Data preprocessing revealed three issues:

* inconsistencies in header naming style,
* missing values,
* duplicates — both explicit and implicit.

You corrected the headers to simplify working with the table. Removing duplicates will make the analysis more accurate.

Missing values were replaced with `'unknown'`. It remains to be seen whether missing data in the `genre` column will affect the study.

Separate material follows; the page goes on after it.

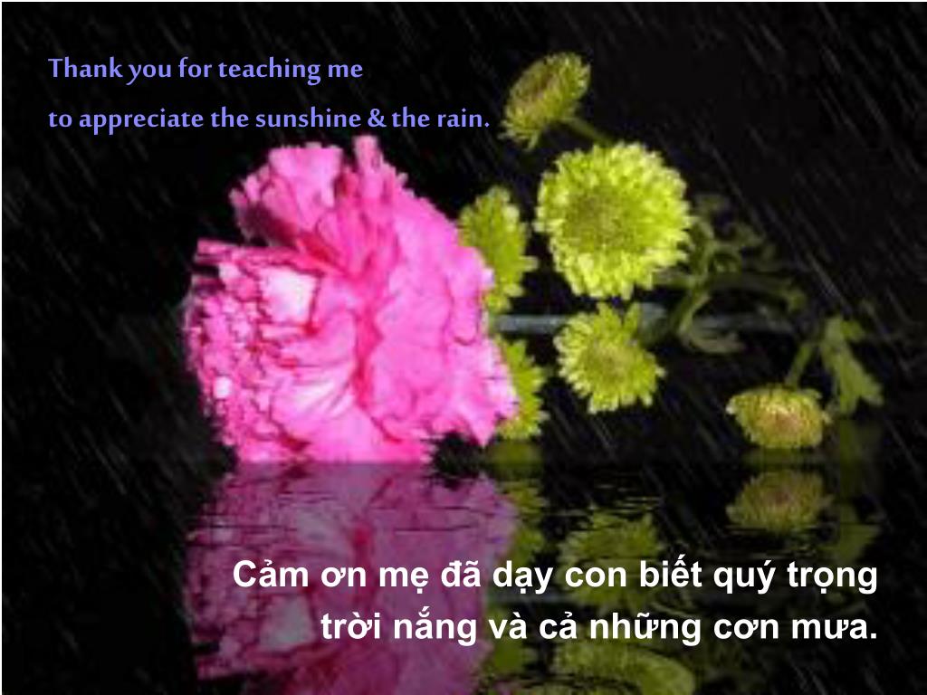 Thank you for teaching me to appreciate the sunshine & the rain. Cảm ơn mẹ đã dạy con biết quý trọng trời nắng và cả những cơn mưa.

Now, you can proceed to hypothesis testing.

## Hypothesis Testing

### Comparison of User Behavior in Two Capitals

The first hypothesis states that users listen to music differently in Moscow and Saint Petersburg. Let's test this assumption using data for three days of the week — Monday, Wednesday, and Friday. To do this:

* Separate users from Moscow and Saint Petersburg.
* Compare how many tracks each group listened to on Monday, Wednesday, and Friday.

In [None]:
df.groupby('city')['user_id'].count() # Counting the number of listens in each city

city
Moscow              42741
Saint-Petersburg    18512
Name: user_id, dtype: int64

In [None]:
df.groupby('day')['city'].count() # Counting the number of listens on each of the three days

day
Friday       21840
Monday       21354
Wednesday    18059
Name: city, dtype: int64

In [None]:
def number_tracks(day, city):
    track_list = df[(df['day']==day)] # Select only the rows from `df` where the value of the variable `day` matches in the `day` column.
    track_list = track_list[(track_list['city']==city)] # Select only the rows from `track_list` where the value of the variable `city` matches the `city` column.
    track_list_count = track_list['user_id'].count() # Call the row count method for `track_list` grouped by the `user_id` column.
    return track_list_count # Return the value `track_list_count` from the function.

In [None]:
number_tracks('Monday', 'Moscow') # Number of listens in Moscow on Mondays

15740

In [None]:
number_tracks('Monday', 'Saint-Petersburg') # Number of listens in Saint Petersburg on Mondays

5614

In [None]:
number_tracks('Wednesday', 'Moscow') # Number of listens in Moscow on Wednesdays

11056

In [None]:
number_tracks('Wednesday', 'Saint-Petersburg') # Number of listens in Saint Petersburg on Wednesdays

7003

In [None]:
number_tracks('Friday', 'Moscow') # Number of listens in Moscow on Fridays

15945

In [None]:
number_tracks('Friday', 'Saint-Petersburg') # Number of listens in Saint Petersburg on Fridays

5895

In [None]:
# Creating a table with the results
columns = ['city', 'monday', 'wednesday', 'friday']
number_tracks = [['Moscow', '15740', '11056', '15945'], ['Saint-Petersburg', '5614', '7003', '5895']]
info = pd.DataFrame(data=number_tracks, columns=columns)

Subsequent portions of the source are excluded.